Good luck!! the possible combinations seem to be endless even though there is only one powder.

Bob

WBH
06-21-2007, 10:12 PM
NEW UPDATE...



200 yards

Buffalo Arms Stretched 45-2.1 RP cases/Starline 45-90 cases
CCI 200 Primers
73 gr (by weight/then volume) Swiss 1 1/2
Case weight 188 grains R-P/ 204 grains Starline
Case length 2.398
Lyman 457132 and Victory Trenk design 20:1 Bullet sized .459
COL 3.262 (into the rifling)
Waters .060 veggie wad
My lube.

GROUP 3 3/8 x 3 1/8 (both bullets shot to same POI)

All shots had 3 long blows of the blow tube, with no cleaning between shots. Fouling was soft with no leading in the 34" barrel.
All shots were from benchrest crosssticks

I loaded some 457658 I will try next week, but the above looks like a winner. Now to see it work out to the 600 yard mark.

Boz330
06-22-2007, 08:51 AM
Looks like a keeper, 1 1/2 MOA ain't bad if it will hold up on out at 600yds. Why don't you bring it out to the next BPCRS match? The more the merrier.

Bob

WBH
06-22-2007, 09:35 AM
Just another note.

The Victory bullet COL was 3.240 and the Lyman COL was 3.262
Both hard into the rifling.

Boz...I'll try to get there on the 8th.

Cimarron Red
06-25-2007, 06:25 PM
WBH,

Looks good! Did you compress the powder? If so, how much?

CR

WBH
06-25-2007, 06:56 PM
CR....compression was .168 average on the last mentioned loads.

montana_charlie
06-25-2007, 08:48 PM
Just an observation...

The PGT bullet is said to have a little better BC than the old standby designs (such as the Postell), and your results seem to bear that out.

You sent both bullets downrange with the same amount of powder, and they both hit the same POI.
Since the PGT is 20 or 30 grains heavier, that seems to indicate it 'flew better'...even though it was probably going a bit slower.

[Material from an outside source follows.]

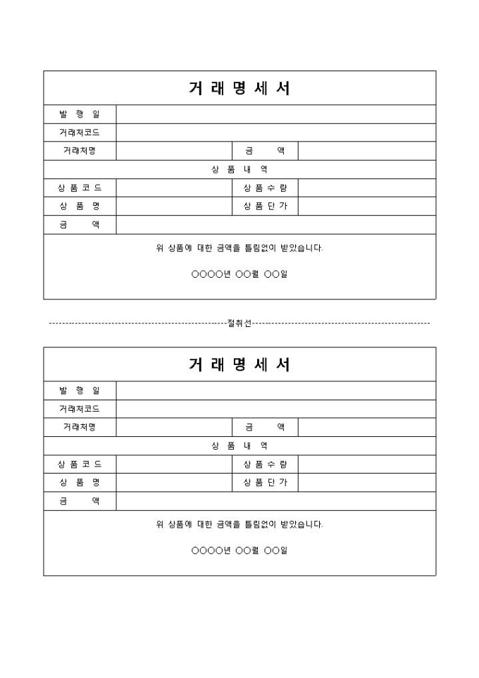 9,000원/월거래명세서 입니다. 발행일, 거래처코드, 거래처명, 금액, 상품수량 등으로 구성되었습니다. 거래물품에 대한 총액 파악 및 부관 증여에 용이한 양식입니다.
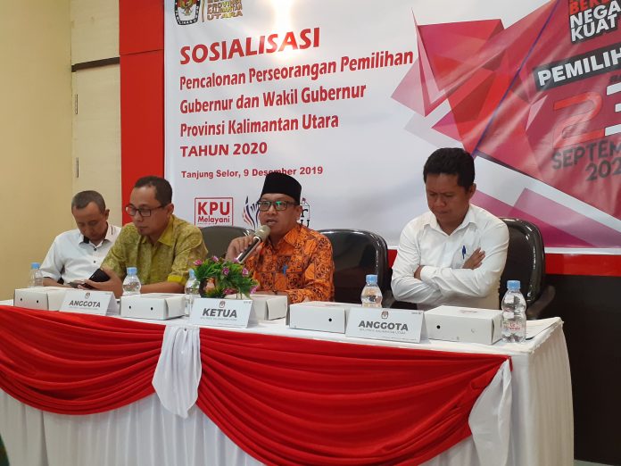 KAYANTARA.COM, TANJUNG SELOR-Komisi Pemilihan Umum (KPU) Kalimantan Utara (Kaltara) mekaksanakan sosialisasi pencalonan perseorangan Pemilihan Gubernur dan Wakil Gubernur yang dihelat 23 September 2020, Senin (9/12/2019).

It will be interesting to see if the PGT starts to inch above the Postell at longer ranges, or (even more indicative) if it is less affected by wind than the 457132.
CM

Idaho Sharpshooter
06-27-2007, 12:21 AM
I am shooting standard WLR primers in all of my BP rifles, including the newest arrival, a 38-90. Seems to work, 1-1.5moa and the 38-90 is lighting up the chrono at 1488fps with 80gr of Elephant 3Fg compressed .250" with a 370gr (20:1) Victory/DanT design. Bullet is 1.491" long, and I had to fit a Krieger 1:12" twist for it.
Load is accurate, but I am wrestling with fouling. I shoot a 50/50 mix of bear tallow and beeswax. Any thoughts on a better lube?

Rich
SRSS

Cimarron Red
06-27-2007, 03:21 PM
Idaho Sharpshooter,

I've been using this lube since the beginning of this shooting season, and I'm very happy with it. I wipe between shots for all the stick animals, but I still blow-tube for the chicken. So far, even with the current hot weather here in the east, I've no hard fouling problems and accuracy is excellent.

Bees Wax 16 oz
Anhydrous Lanolin 7 oz
Mobil 1 synthetic oil 7 oz
Palm Oil 2.5 oz

You mentioned annealing your brass in an earlier post. What's your procedure?

CR

geraldbergeron
04-04-2008, 06:42 PM
...
last year I bought a flash hole swage die from Kermit Hoke and restored those flash holes to original size.
...


Hi,

I would like to know if it this swage die ? "Kermit Hoke" does not make any advertise on their web site.

http://i16.photobucket.com/albums/b14/geraldbergeron/Sharps/FlashHoleSwage.jpg

Thank you for your attention.

Gerald.

Limey
04-05-2008, 04:07 PM
WBH.....


....what do you mean when you list the brass as ''stretched 2.1 cases''?

.....do you mean that they are 2.1 brass that have stretched through firing?

....or do you mean you have mechanically stretched them prior to loading?


...if it's the mechanical stretching.....just how did you do that?



Safe shooting


Limey

WBH
04-07-2008, 02:05 PM
Limey...........
Back in the day when 45-90 was harder to get and more expensive than today, I bought 45-90 cases from BA that they "stretch" to get an extra .300" from them.
I honestly don't know how they do it. I have since bought Starline cases, but the case powder capacity it slightly less than the stretched cases. Now there seems to be more of a choice in suppliers of the longer cases, so I don't know if BA still sells the 45-2.1/2.4.

I do have to double check the length when loading and heading to the range with loaded ammo. The headstamp says 45-70 NOT 45-90.